Better Call Saul: The Careful and Deliberate Rule the Day in “Witness”


Better Call Saul is often a slower show, even by the standards of modern prestige dramas. To some degree, that is a necessary consequence of its status as a prequel. If it moves too quickly, suddenly it’s running into the series’s already known future. If it packs in too much incident, then it starts to seem all the more glaring that major events and shared histories are not mentioned or only grazed on Breaking Bad. Still, the show turns that slow burn into a feature, not a bug. It lets the events and conflicts of the series simmer while digging deep into the development of its characters and the details of their lives before things froth to a boil.
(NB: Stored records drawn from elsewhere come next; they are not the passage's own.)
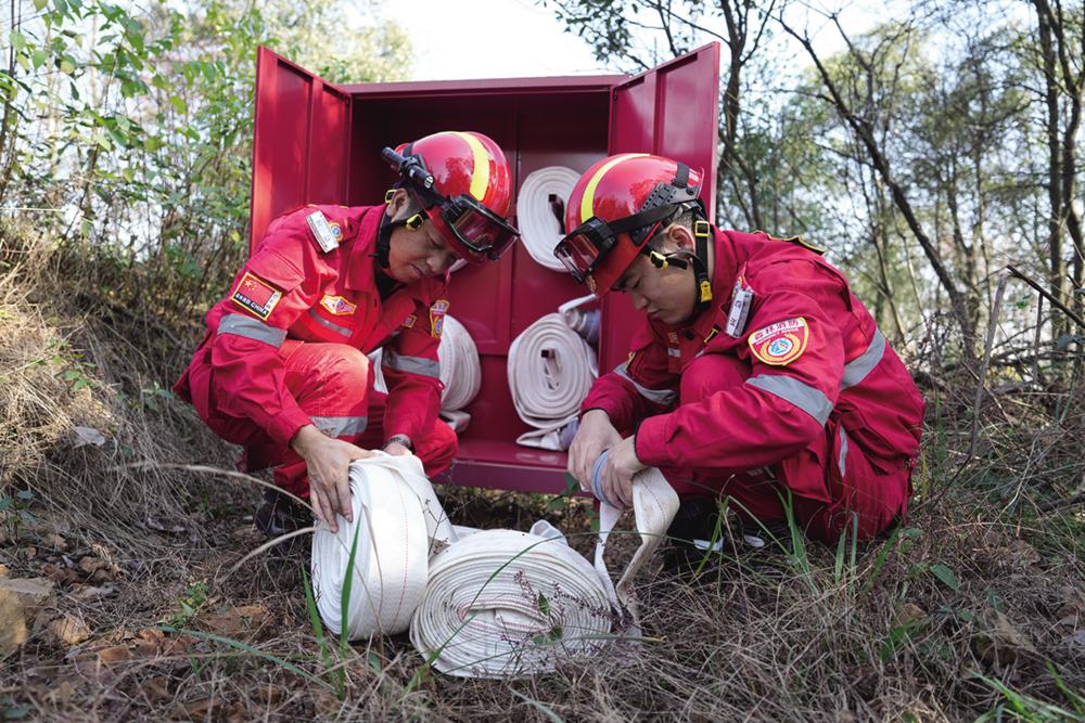 12月7日,在长沙岳麓山风景名胜区桃花岭景区,森林消防员在演练中检查森林消防“管网上山”设施。 当日,湖南湘江新区林业局在长沙岳麓山风景名胜区桃花岭景区开展森林消防应急救援演练。通过操作无人机查看火情、检查森林消防“管网上山”设施、多级森林消防泵灭火演练、消防车灭火等训练项目,提高森林火灾综合防控能力,为景区游客安全保驾护航。 近年来,岳麓山风景名胜区打造“管网上山”系统,建设覆盖全景区主要山体的森林消防管网,新建管网约14.3千米。新华社记者 薛宇舸 摄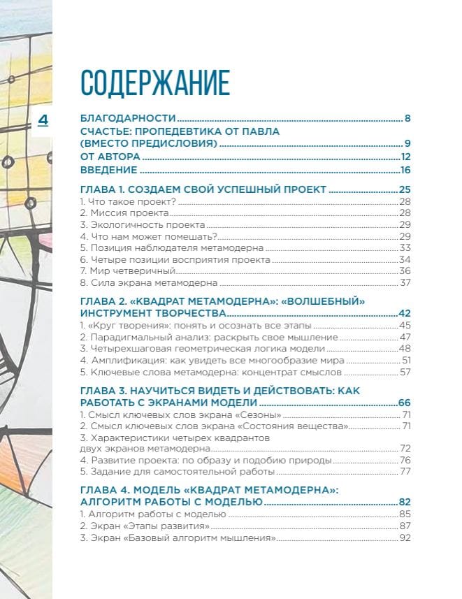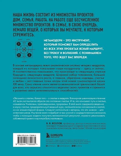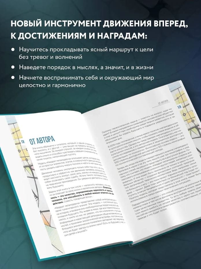 This is a training book. Its main task is to help you implement your project after studying the theoretical material and completing practical tasks. What can be a project? Everything we want, what we strive for and where we direct our attention. For example: business, career, communication, education, family and life in general. The metamodern method, which Professor and Doctor of Psychology Pavel Piskarev offers us to use, is based on the analytical system of four squares. Each of them - with a certain focus - gives a clear system of coordinates: what was, what is, what will be and when and in what way it will be implemented.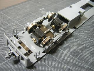 | ・床下組立 台車は写真のようになります。 配線は、室内灯、前照灯含めるとかなりの配線数となりますので、 以下に少なくするか検討要です。 よって、今回は仮組立てにとどめておきます。 |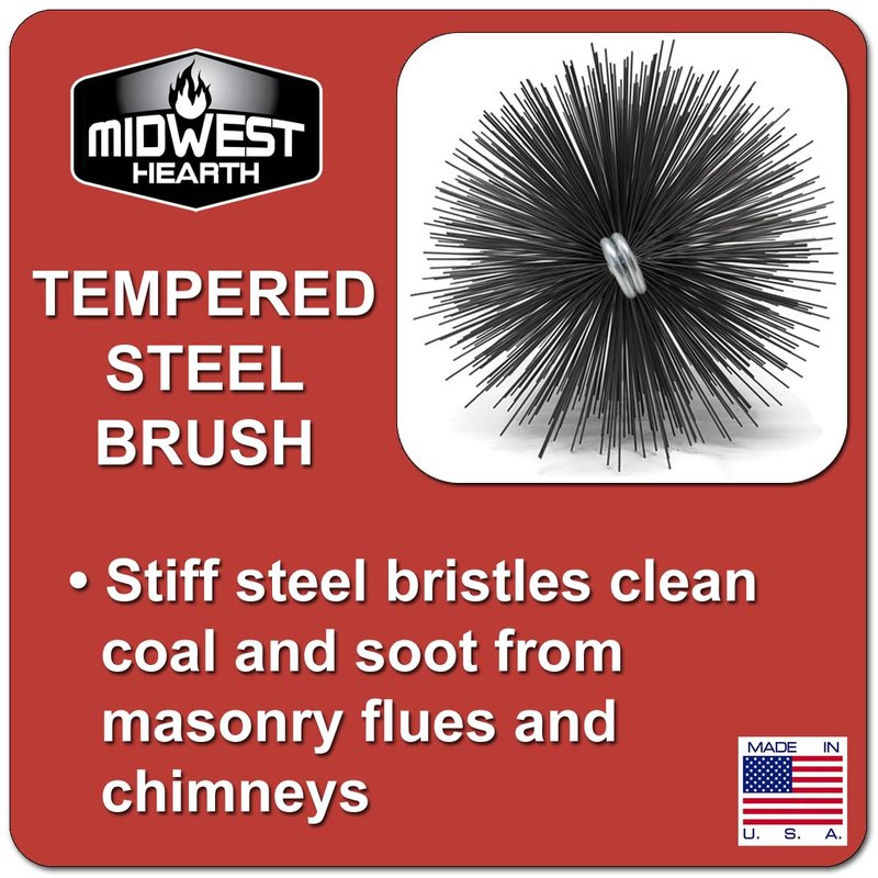 ☑ Chimneys should be cleaned at least once a year, and more often if you use your fireplace frequently. ☑ Midwest Hearth Wire Chimney Brushes are designed to be used with a masonry chimney flue (not a metal flue). ☑ Measure the inner diameter of your flue and order the same size brush: 6" Round or 8" Round. ☑ Our chimney brushes are professional quality and feature stiff tempered steel bristles and a heavy duty galvanized steel stem. ☑ The brush will have 1/4-Inch male pipe threads at the end that may be attached to extension rods. ☑ Midwest Hearth offers an 18-Foot fiberglass rod extension kit that is compatible with these brushes (sold separately).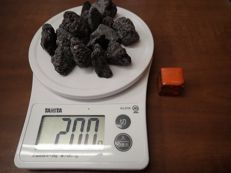 内容量 オレンジ焼成北投石1個線量2.733μSv/玉川溶岩石200g線量 2.733μSv/hr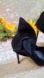 Super stylish suede heel. Small platform on the front of the heel with a 5 in stiletto heel. Sude flower detail on ankle. These shoes are new although the bottoms are dirty, they have never actually been worn outside.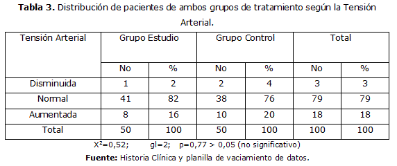 Resultados significativos desde el punto de vista estadístico arrojó la aplicación de la prueba Chi cuadrado (X2) de independencia, en relación al aumento ligero de la tensión arterial en los grupos de tratamientos a las 4h del posoperatorio (tabla 3). Prevaleciendo los pacientes con TA normal: 47 pacientes (94%) en el grupo estudio y 38 pacientes (76%) en el grupo control.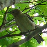 たまには独りでお散歩に出かけることもある。半ば私物化している Lumix DMC-LZ2 はもちろんウェストポーチの中だ。 鳥さんにはあまり出会えないだろうな、と期待せずに、いつものルートを辿り始めた矢先、コカワラヒワによく出会うポイントで青々とした木々を見上げてみれば、パタパタと動く影。ご存知、コムクちゃん。 オシリがラブリー。 むろん、ポタッと、お土産なんかを落としやがったら、ラブリーなんて騒ぎじゃねぇが。 で、このコムクちゃんがパタパタと他の木に移ったのと入れ替わりに登場したのが、こちら。よく判らなかったが、ヒヨちゃんくさいヤツ。 落ち着きのなさはコムクちゃん以上。 胸の模様の斑は、「ゴマシオだなぁ」と視認できるくらい。 プルプルしたかと思えば、パタパタして、あっちゅう間に、コムクちゃんの後を追いかけて他の木に移っちゃった。 その後は、フレームに収めることはかなわなかったものの、くぐもった声で鳴きながら木から飛び立つ灰色っぽい鳥さんグループに 2度ほど遭遇。 中々に充実したお散歩であった。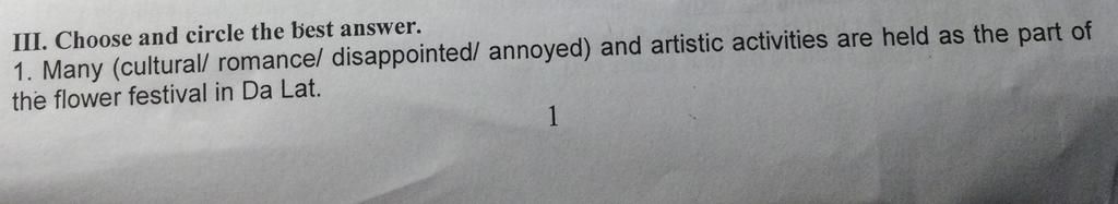 1. Many (cultural/ romance/ disappointed/ annoyed) and artistic activities are held as the part of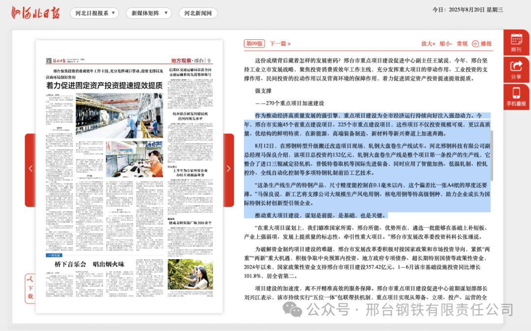 作為推動經(jīng)濟(jì)高質(zhì)量發(fā)展的強(qiáng)引擎,重點(diǎn)項目建設(shè)為全市經(jīng)濟(jì)運(yùn)行持續(xù)向好注入強(qiáng)勁動力。今年,邢臺市實(shí)施45個省重點(diǎn)建設(shè)項目、225個市重點(diǎn)建設(shè)項目,這些項目不僅投資規(guī)??捎^,更以高質(zhì)量、優(yōu)結(jié)構(gòu)的鮮明特質(zhì),在新能源、高端裝備制造、新材料等新興賽道上加速奔跑。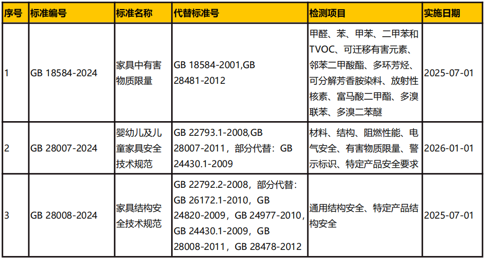 為充分發(fā)揮標(biāo)準(zhǔn)在家具產(chǎn)業(yè)中的規(guī)范引領(lǐng)作用,推動(dòng)提升家具產(chǎn)品質(zhì)量安全水平,國(guó)家市場(chǎng)監(jiān)督管理總局,國(guó)家標(biāo)準(zhǔn)化管理委員會(huì)于2024年7月發(fā)布GB 18584-2024《家具中有害物質(zhì)限量》、GB 28007-2024《嬰幼兒及兒童家具安全技術(shù)規(guī)范》、GB 28008-2024《家具結(jié)構(gòu)安全技術(shù)規(guī)范》3項(xiàng)家具強(qiáng)制性國(guó)家標(biāo)準(zhǔn)。該3項(xiàng)標(biāo)準(zhǔn)由工業(yè)和信息化部歸口。三份強(qiáng)制性國(guó)家標(biāo)準(zhǔn)分別從限制家具有害物質(zhì)、家具結(jié)構(gòu)安全以及保障特殊人群安全三個(gè)方面制定了相關(guān)的技術(shù)指標(biāo)。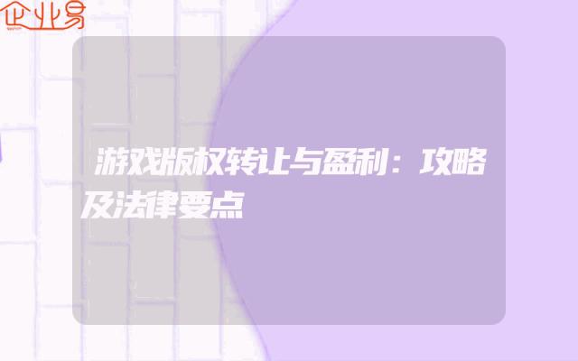 - 游戏版权转让与盈利:攻略及法律要点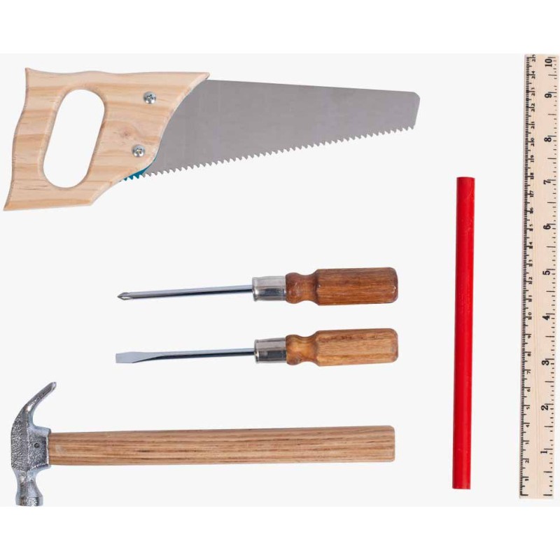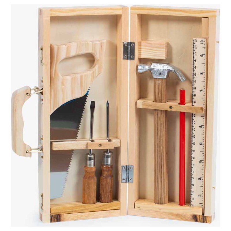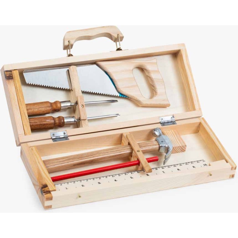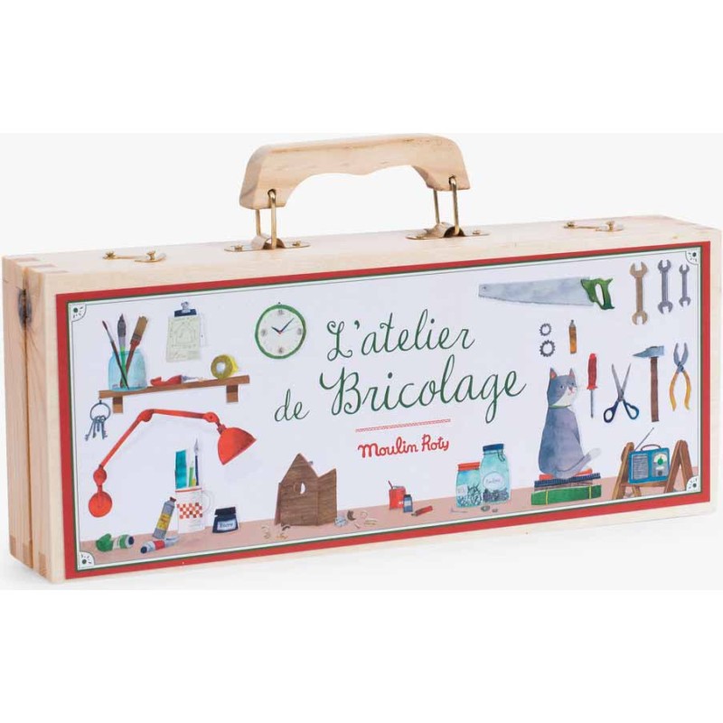 Tout l'univers de l'atelier bricolage contenu dans une petite valise en bois ! Pour faire comme les grands, se construire des mondes et se raconter des histoires, 6 vrais outils : une scie, un marteau, une règle et son crayon, des tournevis… Appartenant au passé mais toujours très actuels, ils ne prennent pas une ride !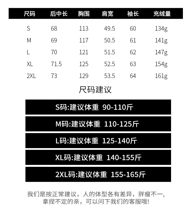 China (cm) 165 / 88-90 170 / 96-98 175 / 108-110 180 / 118-122 185 / 126-130
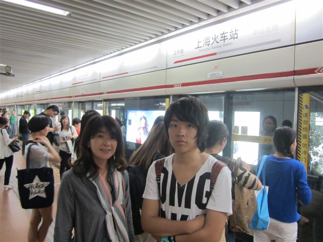 【上海火?站 】 というわけで、蘇州で1日遊んで、また新幹線で上海まで帰ってきました。ここは地下鉄の駅です。 |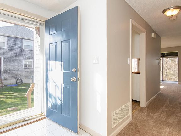 The Flagship property of Harbor Hill, #5 has it all. The privacy of a townhome style end-unit with side entrance, full sun & flooded with natural light. 3 floors of spacious living, natural gas heat, central ac, & many updates throughout. First floor features tile entry, updated galley kitchen w/ subway tile backsplash, butcher block counters w/ white cabinetry. Open concept dining area & living room with newer wall to wall carpets, fireplace, & slider out to deck. Bathroom incl shower completes the main level. The second level offers two generous sized bedrooms with plenty of closet space, newer carpets, & full bath. Bonus space in beautifully finished lower level that features an oversized family/game room, office area, work room, laundry nook, wall to wall carpet, electric fireplace, recess lighting, & loads of storage. Abutting Brookside Golf course and minutes to the Bridge, nearby beaches, & Cape Cod Canal. Approx one hour to Boston&Providence w/easy on/off access. Come see. Wow!
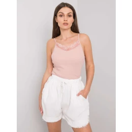 Špinavě růžový top s krajkou.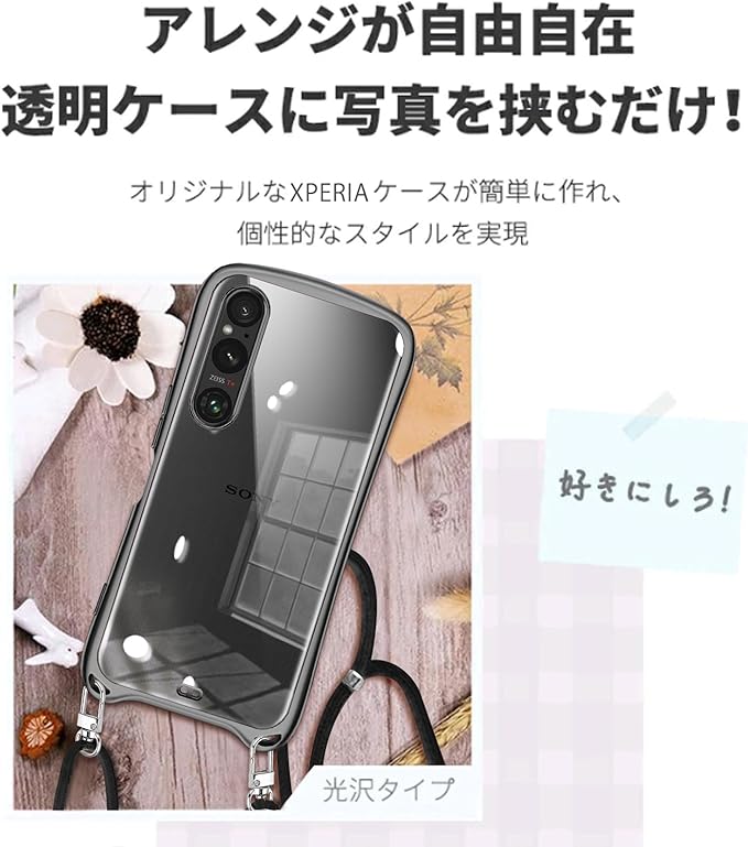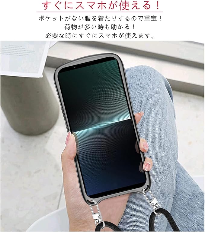 Xperia 1 V ケース ショルダー クリア xperia1v SO-51D SOG10 スマホケース カバー 耐衝撃 肩掛け 首掛け 斜めかけケース 可愛い かわいい 韓国 透明 TPU 長さ調整可能 取り外し可能(ブラック)

But even by Better Call Saul standards, “Witness” is a slow episode. That’s not a complaint, necessarily. Much of the proceedings center on Mike tracking down the people monitoring him, enlisting Saul in the endeavor, and there is a diligent, unhurried pace to that effort. The episode is content to play Mike’s mission out, evoking the sense of his dogged determination and the complexity and sophistication of what he’s up against.

That comes through in the cinematography and framing for the episode. “Witness” is directed by series co-creator Vince Gilligan, and his penchant for interesting shots and sequences is on full display here. There are several moments, particularly in the midst of Mike’s surveillance, where the camera lingers a single shot or location for an extended period of time, letting the scene breathe and develop. These sequences often show characters changing space and position and size relative to the observer. One individual seems to get larger as they move closer while another fades away. Figures emerge in tableaus that make them seem like tiny parts of a bigger machine. The steady rhythm of this game of cat and mouse gives form to Mike’s pursuit.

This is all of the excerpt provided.